I read it the same way. I guess you do need to register it if it has a motor. 

If you find out specifics on your trip to the DMV, please let us know.


----------



## Village Lightsmith (Jul 14, 2021)

Regarding "rules and registrations":
"If I would build a wall, I first would ask what I was walling in or walling out."
Something there is that cannot stand freedom, especially in others, 
and those people should _never_ be given the awesome Power of The State.


----------



## hooligan shmulligan (Jan 31, 2020)

Village Lightsmith said:


> Regarding "rules and registrations":
> "If I would build a wall, I first would ask what I was walling in or walling out."
> Something there is that cannot stand freedom, especially in others,
> and those people should _never_ be given the awesome Power of The State.

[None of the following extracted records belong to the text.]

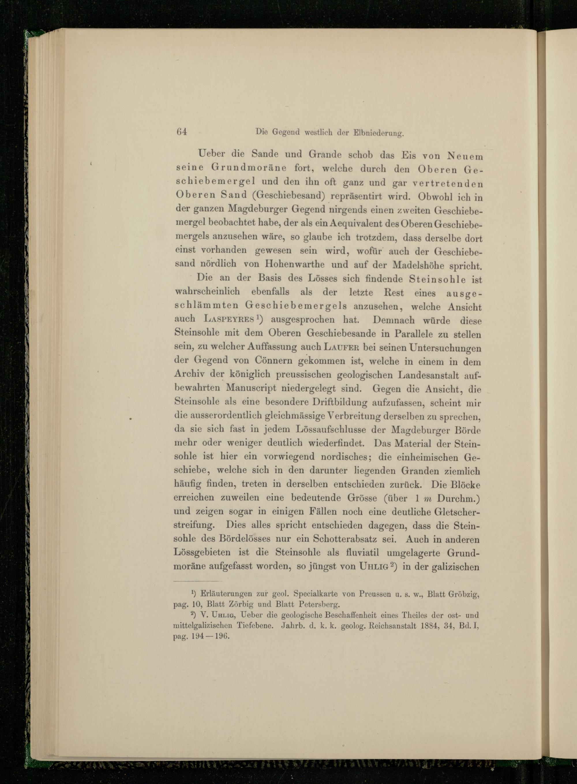 Die an der Basis des Lösses sich findende Steinsohle ist wahrscheinlich ebenfalls als der letzte Rest eines ausgeschlämmten Geschiebemergels anzusehen, welche Ansicht auch LASPEYRES!) ausgesprochen hat. Demnach würde diese Steinsohle mit dem Oberen Geschiebesande in Parallele zu stellen sein, zu welcher Auffassung auch LAUFER bei seinen Untersuchungen der Gegend von Cönnern gekommen ist, welche in einem in dem Archiv der königlich preussischen geologischen Landesanstalt aufbewahrten Manuscript niedergelegt sind. Gegen die Ansicht, die Steinsohle als eine besondere Driftbildung aufzufassen, scheint mir die ausserordentlich gleichmässige Verbreitung derselben zu sprechen, da sie sich fast in jedem Lössaufschlusse der Magdeburger Börde mehr oder weniger deutlich wiederfindet. Das Material der Steinsohle ist hier ein vorwiegend nordisches; die einheimischen Geschiebe, welche sich in den darunter liegenden Granden ziemlich häufig finden, treten in derselben entschieden zurück. Die Blöcke erreichen zuweilen eine bedeutende Grösse(über 1 m Durchm.) und zeigen sogar in einigen Fällen noch eine deutliche Gletscherstreifung. Dies alles spricht entschieden dagegen, dass die Steinsohle des Bördelösses nur ein Schotterabsatz sei. Auch in anderen Lössgebieten ist die Steinsohle als fluviatil umgelagerte Grund
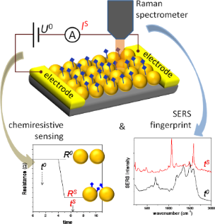 A graphical summary describing the envisaged DEOS concept is given in Figure 1. An array of noble metal colloids assembled between electrodes on a solid substrate can lead to electrical charge flow through the nanoparticle assembly by applying a voltage on the electrodes. This system can work as a resistive sensor based on the dependence of tunneling currents on the inter-NP tunnel barrier, which can be affected by the molecular species adsorbed on the NPs, or by changes of the inter-particle distance. Plasmon coupling and SERS enhancement are also known to strongly depend on inter-particle nanoscale gaps. Thus, a dense particle organization and the molecular capping layer (preventing metal particles from touching each other) control both SERS enhancement and the electrical resistance of the particle assembly. External molecular species adsorbed on the nanoparticles can modify the electrical response of the film, and can also be identified by their SERS spectrum (graphs and spectra are just for illustration). The advantages offered by such a dual sensor would be: an electrical readout, which is always preferred since it is the most simple and inexpensive method to implement in a final product/device; complementary, by optics (vibrational spectroscopy, SERS), specific information can be retrieved on the identity of the analyte. Such a DEOS would thus combine unique advantages of both electric and optical sensors.
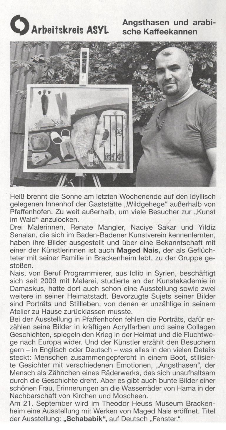 Volunteer participation in the „PLATZ FÜR ASYL IN EUROPA“ project sponsored by the Integration Department of Brackenheim.
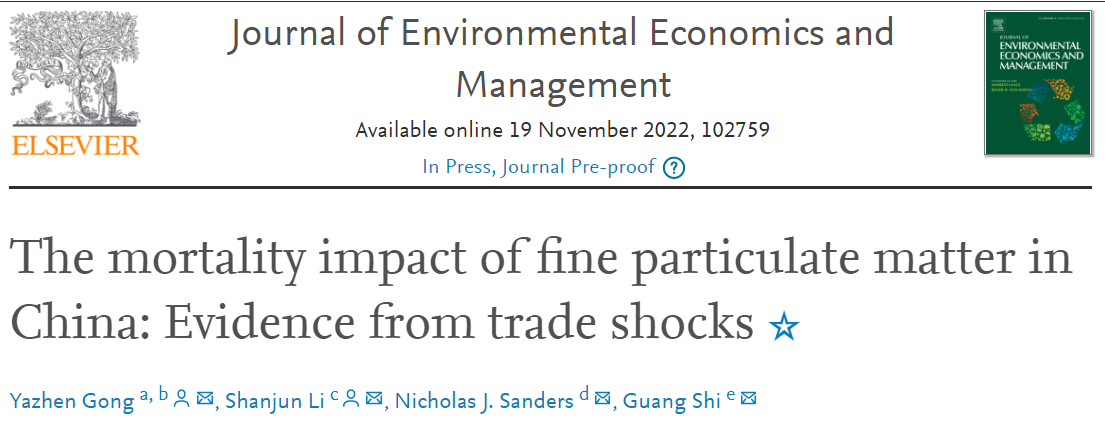 2022年11月19日,中国人民大学环境分分28预测 龚亚珍教授与其合作者的研究成果“The Mortality Impact of Fine Particulate Matter in China: Evidence from Trade Shocks”在资源与环境经济学领域顶级期刊Journal of Environmental Economics and Management(JEEM)在线发表。
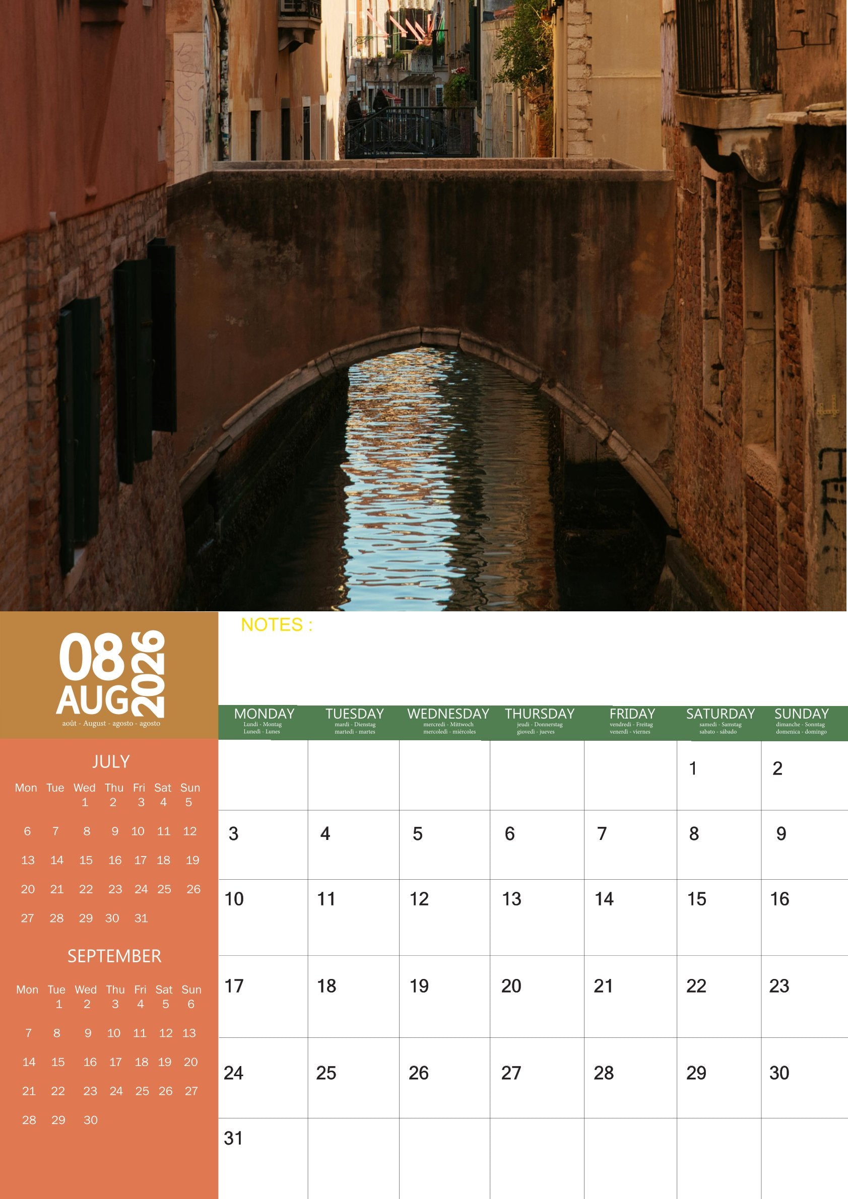 The Romantic Europe Calendar 2026 is more than just a way to stay organised—it’s a year-long tribute to love in all its forms. With elegant photography and a practical design, it adds warmth, inspiration, and a touch of romance to your home or office.
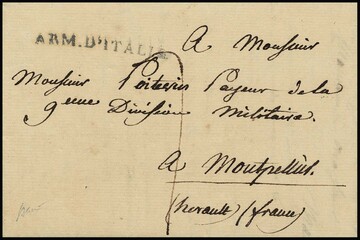 "Oletzko" (Marggrabowa)/Ostpreußen, 1812, kleiner Soldatenbrief mit klarem L1 "ARM. D` ITALIE" nach Montpellier, interessanter, zweiseitiger Inhalt (französ.), Bericht vom Marsch nach Moskau über Tilsit, Belege der "Armee d` Italie" vom Rußlandfeldzug sind allergrößte Seltenheiten, sign. Baudot
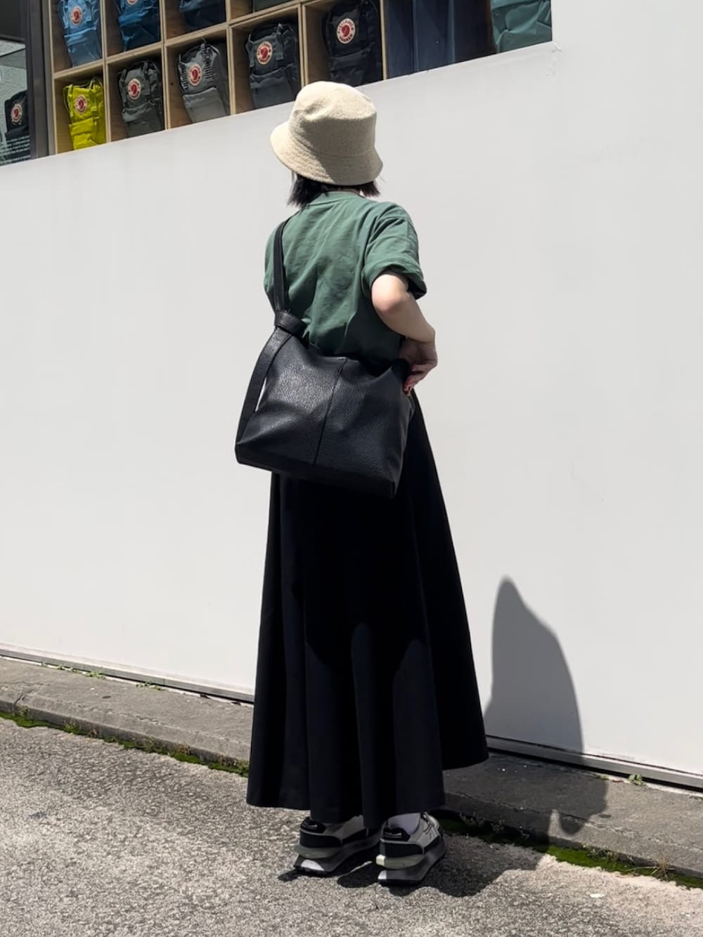 日差しがすごいので今年帽子デビュー⭐︎ ナナメガケバッグとゆとりあるロングスカートで動きやすい格好に。

Have you suffered a stroke or just have a traumatic head injury?


----------



## dsrtrat (May 29, 2011)

Sure, don't register your watercraft, but don't complain when you are being written a ticket on Cataract. As the ranger will say, tell it to the judge. I have been checked more than once on Cataract as well as at the ramp at Green River.


----------



## jonas_f (May 31, 2007)

What these people talk’n bout getting a ticket for not registering thier boat while on the green river…

bruh…


----------



## tBatt (May 18, 2020)

dsrtrat said:


> Go to the DMV website and fill out the form for a boat registration. You will have to take the boat to the DMV office for a serial number check and pay the fees and taxes. They will issue a hull number. The motor is not required to be registered in your HP range. I made placards that I hang on the bow (both sides) to display the hull numbers. Carry the registration papers with you as well and the required safety equipment. While you are at it take the DNR mussel aware online course that is good for a year in case you are asked for the paperwork. It's required for all watercraft in Utah. If it floats, it's a boat in Utah.


I did all of this.
Everything was checked Utah Lake State Park, Cat, Deso, and Westwater.
Running a 5hp. 
If it has a motor, it needs to be registered.


----------



## M_I_M (Aug 22, 2015)

I registered my boat a few years ago so I could run a motor on Cat. The only difference with my experience compared to the above is that I did not have to take my boat to the DMV. I brought my original paperwork from Maravia showing it as a 15' inflatable which included the serial number and told them I was going to run a 5hp motor attached to a transom. They took my money and issued me a hull number and registration stickers.


----------



## westwatercuban (May 19, 2021)

For those reading this thread I’d like to add that this process only applies if you are a Utah resident. Reading it I can see how someone would think that if they want to float a Utah run they have to go threw Utah to register.

To clarify:
If you are a Utah resident and you are adding a motor to your boat you MUST register your boat threw Utah.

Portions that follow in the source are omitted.